Look below for the line that contains "意味不明あだ名 | 『住所不定無職みりだいこん(11歳)』 |", then copy it and each following line to the end of the records, minus any pictures.

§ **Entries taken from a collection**
● ● ● ● ●
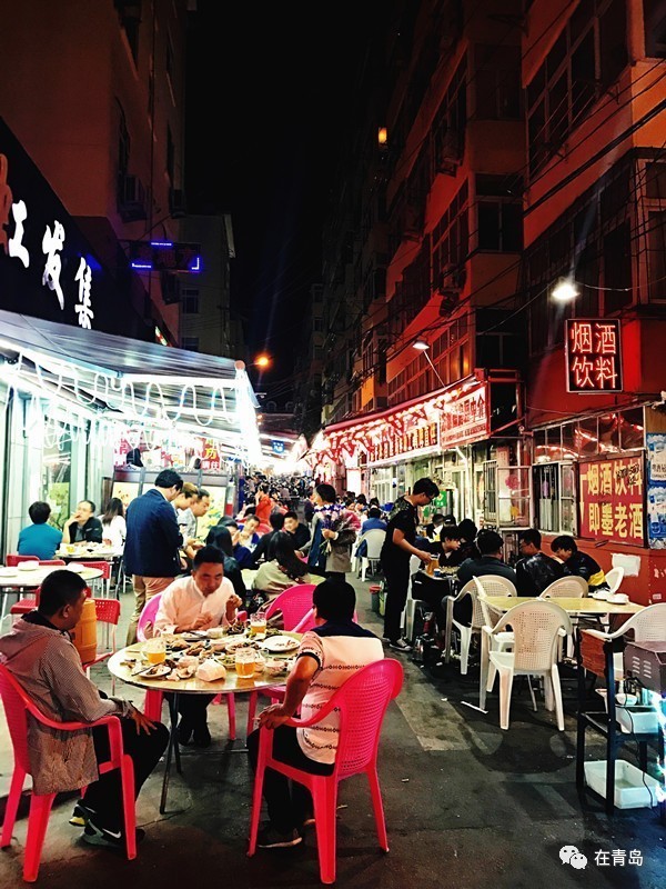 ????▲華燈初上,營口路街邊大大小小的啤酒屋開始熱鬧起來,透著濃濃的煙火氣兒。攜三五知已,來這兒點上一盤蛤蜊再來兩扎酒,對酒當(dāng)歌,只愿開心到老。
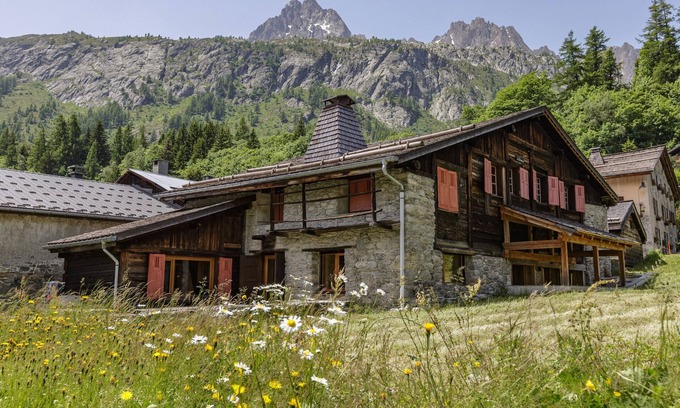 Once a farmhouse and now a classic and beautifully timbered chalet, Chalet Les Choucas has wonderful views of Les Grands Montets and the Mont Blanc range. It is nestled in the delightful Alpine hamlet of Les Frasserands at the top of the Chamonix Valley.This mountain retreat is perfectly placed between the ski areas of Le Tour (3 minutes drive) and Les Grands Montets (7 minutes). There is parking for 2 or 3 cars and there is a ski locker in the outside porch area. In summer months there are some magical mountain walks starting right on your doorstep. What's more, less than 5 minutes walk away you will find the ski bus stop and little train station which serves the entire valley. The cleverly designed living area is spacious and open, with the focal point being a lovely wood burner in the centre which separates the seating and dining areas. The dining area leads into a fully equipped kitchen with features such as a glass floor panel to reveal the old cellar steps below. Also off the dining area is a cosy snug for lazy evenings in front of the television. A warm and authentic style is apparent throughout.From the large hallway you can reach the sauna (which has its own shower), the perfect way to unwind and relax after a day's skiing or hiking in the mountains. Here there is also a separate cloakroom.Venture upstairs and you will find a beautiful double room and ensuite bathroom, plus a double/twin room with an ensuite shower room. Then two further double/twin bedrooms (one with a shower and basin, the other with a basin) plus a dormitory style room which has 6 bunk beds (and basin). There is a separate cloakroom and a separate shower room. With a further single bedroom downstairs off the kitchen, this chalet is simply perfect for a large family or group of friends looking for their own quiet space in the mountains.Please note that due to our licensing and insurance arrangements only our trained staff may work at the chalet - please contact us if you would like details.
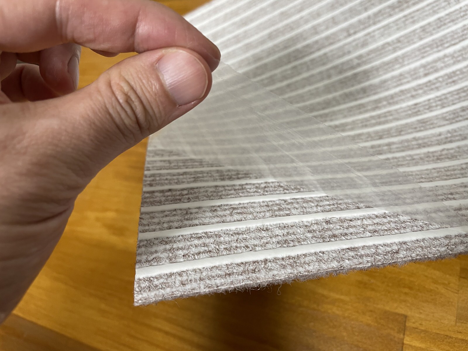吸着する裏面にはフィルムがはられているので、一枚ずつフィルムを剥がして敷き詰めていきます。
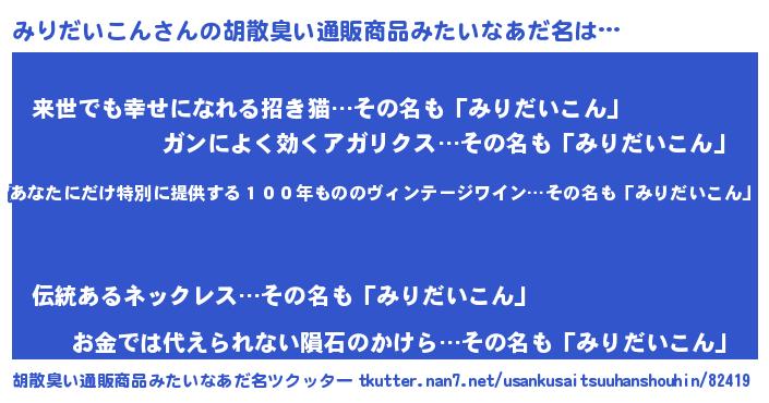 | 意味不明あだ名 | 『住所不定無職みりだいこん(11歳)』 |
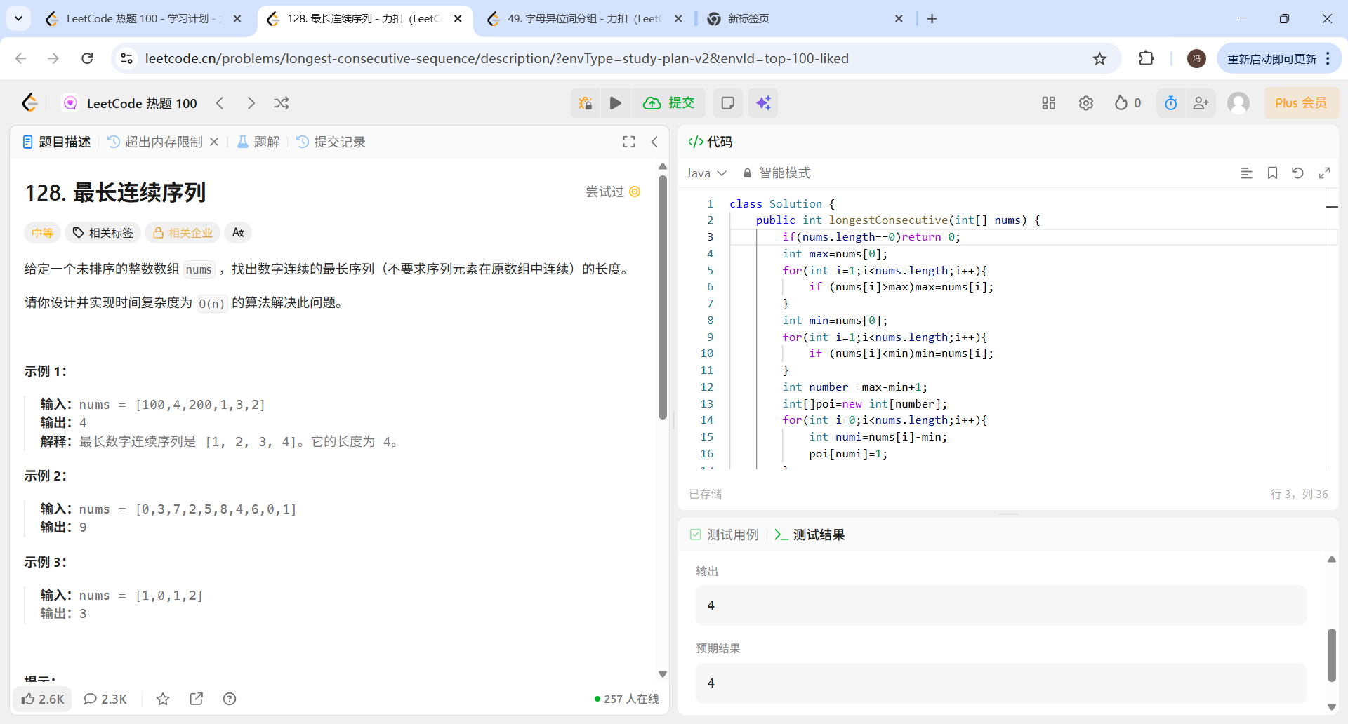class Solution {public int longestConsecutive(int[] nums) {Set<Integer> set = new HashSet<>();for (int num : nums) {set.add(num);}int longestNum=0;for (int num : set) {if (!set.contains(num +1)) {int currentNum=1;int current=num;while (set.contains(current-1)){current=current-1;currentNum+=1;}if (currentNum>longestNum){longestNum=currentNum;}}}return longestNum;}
● ● ● ● ●
§ **TASK ANSWER**
 | 意味不明あだ名 | 『住所不定無職みりだいこん(11歳)』 |
class Solution {public int longestConsecutive(int[] nums) {Set<Integer> set = new HashSet<>();for (int num : nums) {set.add(num);}int longestNum=0;for (int num : set) {if (!set.contains(num +1)) {int currentNum=1;int current=num;while (set.contains(current-1)){current=current-1;currentNum+=1;}if (currentNum>longestNum){longestNum=currentNum;}}}return longestNum;}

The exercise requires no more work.